BASF NanoSelect™ Technology: Innovative Supported Pd- and Pt-based Catalysts for Selective Hydrogenation Reactions

  • Peter T. Witte
  • Peter H. Berben
  • Susan Boland
  • Evert H. Boymans
  • Dieter Vogt
  • John W. Geus
  • Johannes G. DonkervoortEmail author
Open Access
Original Paper

Abstract

An innovative BASF catalyst manufacturing technology (NanoSelect™) is introduced which allows production of heterogeneous catalysts with excellent control over metal crystallite sizes. NanoSelect™ technology enabled the development of Pd catalysts which are lead-free Lindlar catalyst replacements in alkyne-to-cis-alkene hydrogenations. NanoSelect™ Pt catalysts showed excellent chemoselectivity in substituted nitro-arene hydrogenation reactions without build-up of hydroxylamine intermediates. All NanoSelect™ produced catalysts show markedly higher activity per gram of metal leading to ten-fold less use of precious metal.

Keywords

NanoSelect™ Catalyst Catalysis Lindlar replacement Palladium Platinum Alkyne hydrogenation Nitro group reduction 

1 Introduction

Catalysts based on colloidal suspensions attracted much attention in recent years, both as supported [1] and as quasi-homogeneous [2] catalysts.

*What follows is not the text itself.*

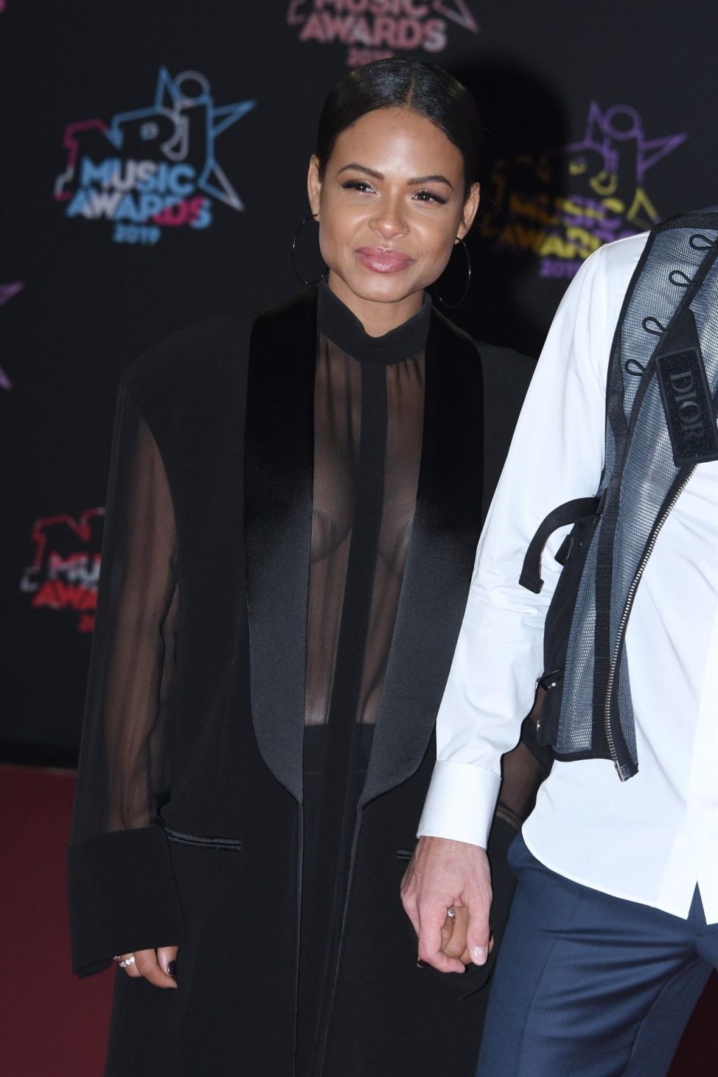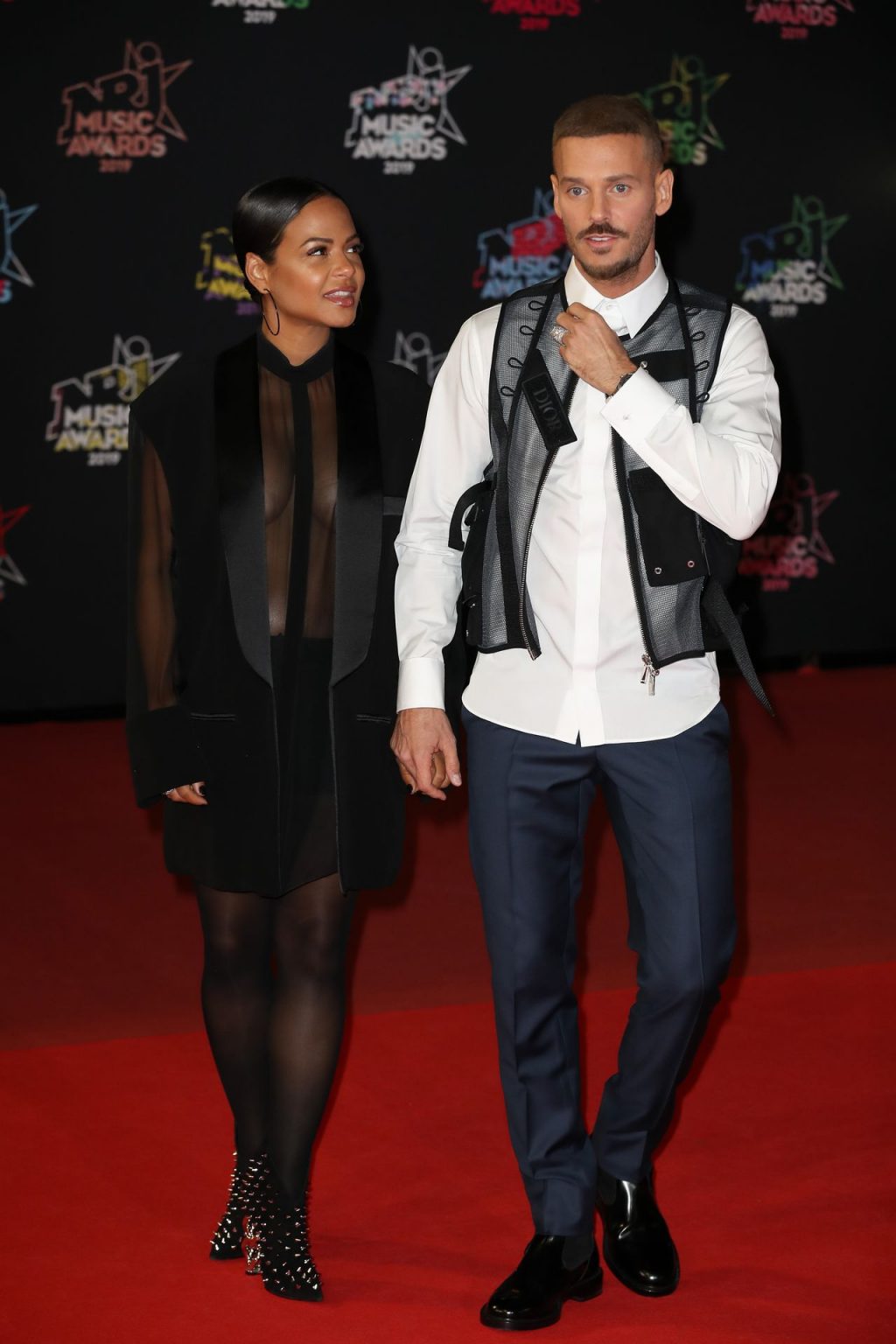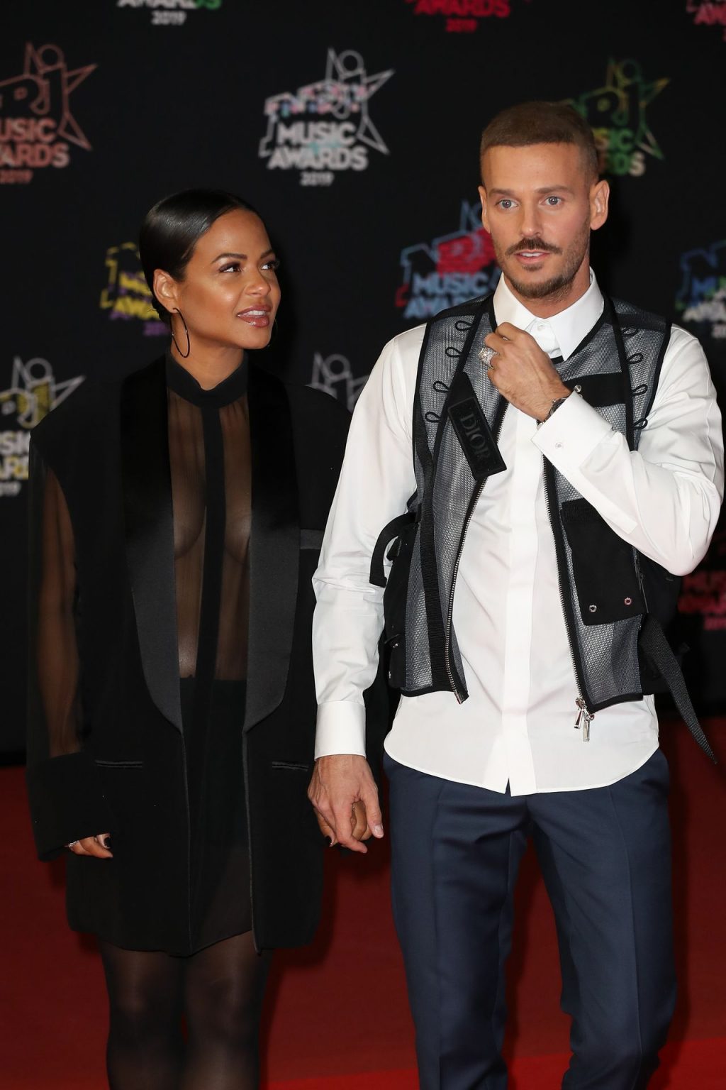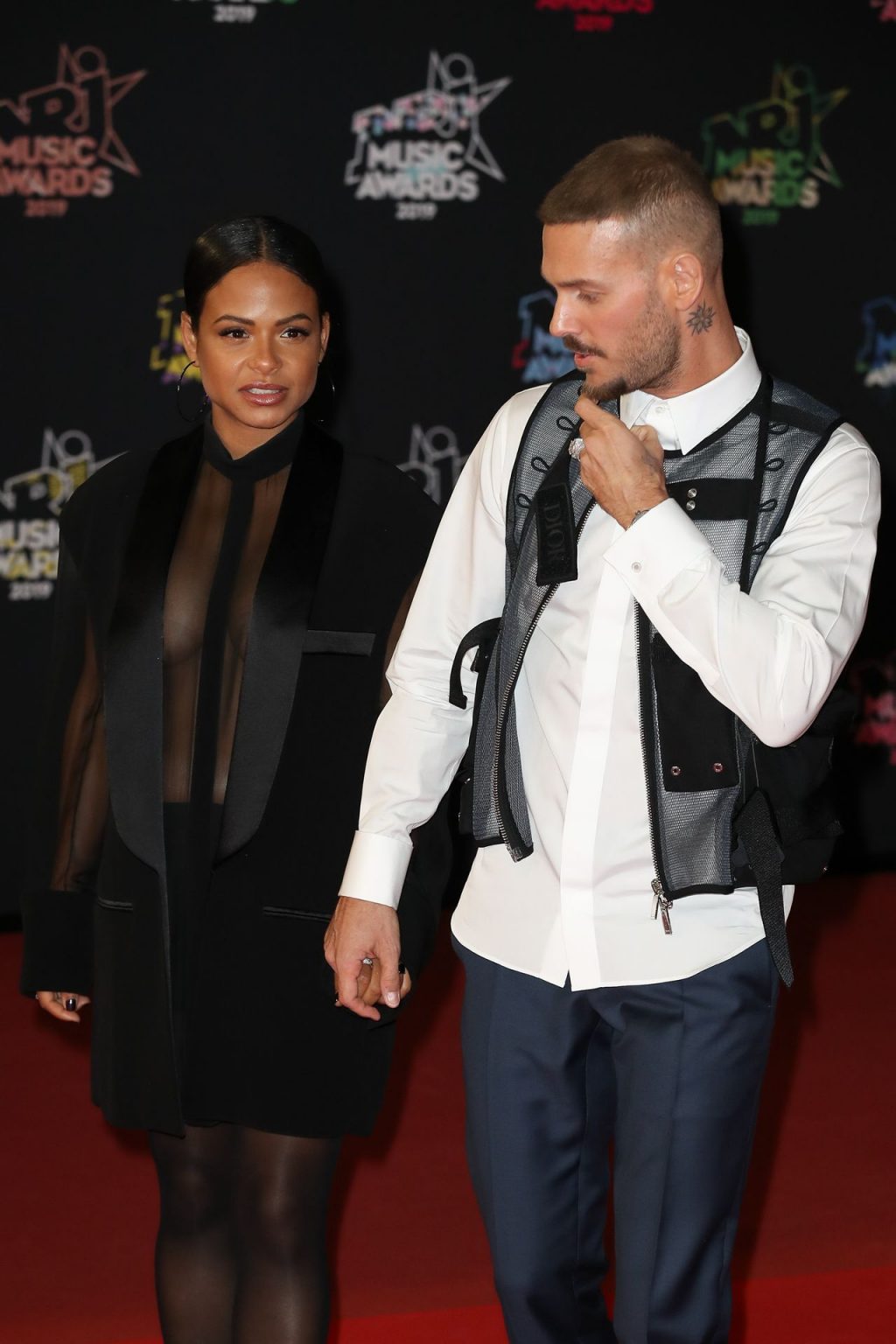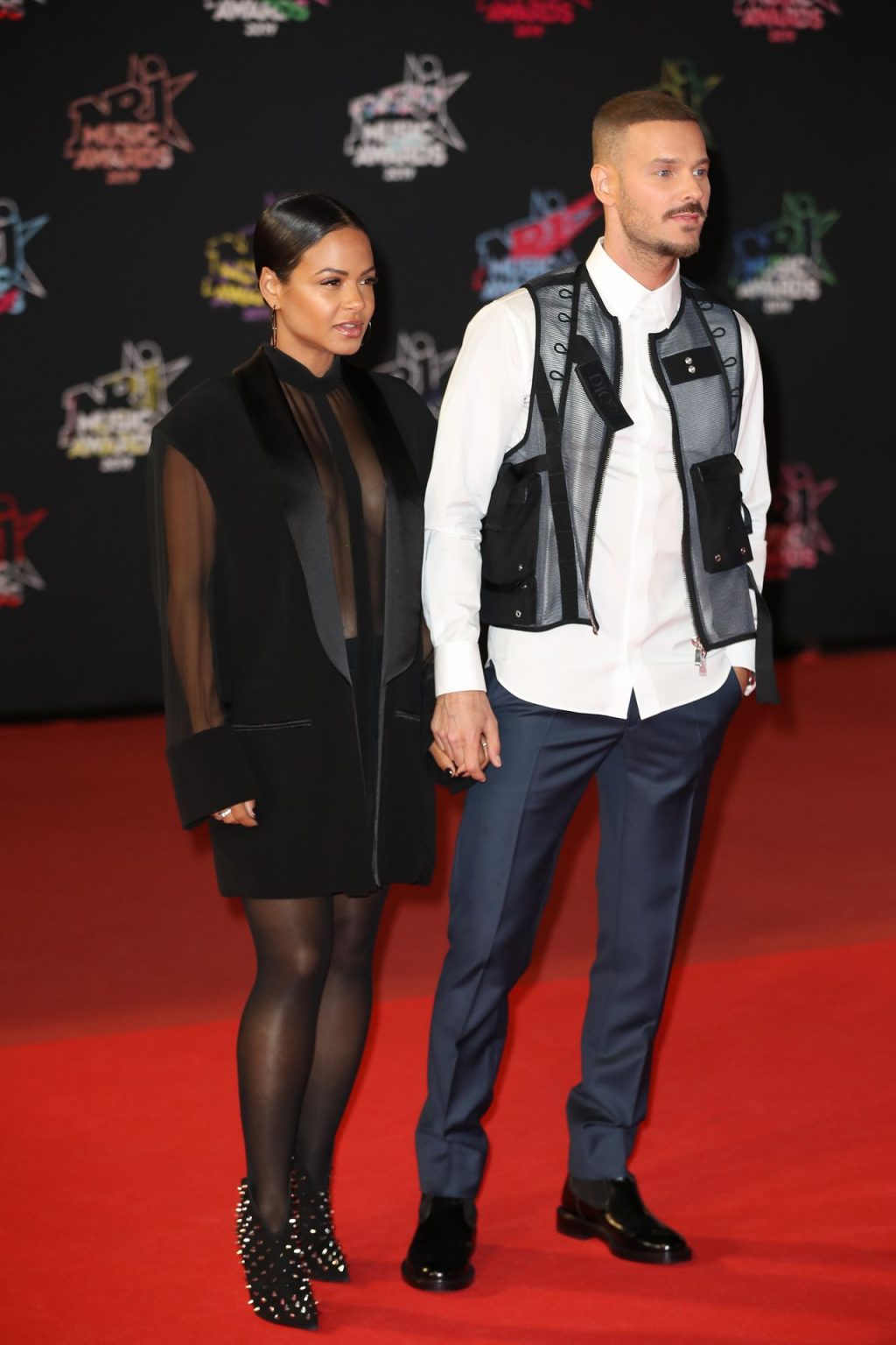 Cantante estadounidense Christina Milian y cantante francés M Pokora posan en la alfombra roja al llegar para asistir a la ceremonia de los 21º Premios NRJ Music en el Palais des Festivals en Cannes, sureste de Francia, 11/09/2019.

These catalysts are prepared by the so-called reduction-deposition method, where a metal is first reduced in solution in the presence of a stabilizer before it is deposited on a heterogeneous support. By using the appropriate reaction conditions, metal crystallites of <10 nm are available [3]. Catalysts produced in this way show sharper metal crystallite size distribution and do not contain large metal crystallites as sometimes observed in traditional catalysts (see right-hand side of Fig. 1).
Fig. 1

TEM image of 5%Pd on C prepared by standard methods

For industrial applications the use of catalysts prepared by reduction-deposition is hampered by their cumbersome preparation. In general low metal concentrations are employed [4], but also the use of low-boiling organic solvents [5], high temperatures [6], very fast addition of reagents [7], or the use of reagents that are expensive or not commercially available [8] makes their production on an industrial scale difficult.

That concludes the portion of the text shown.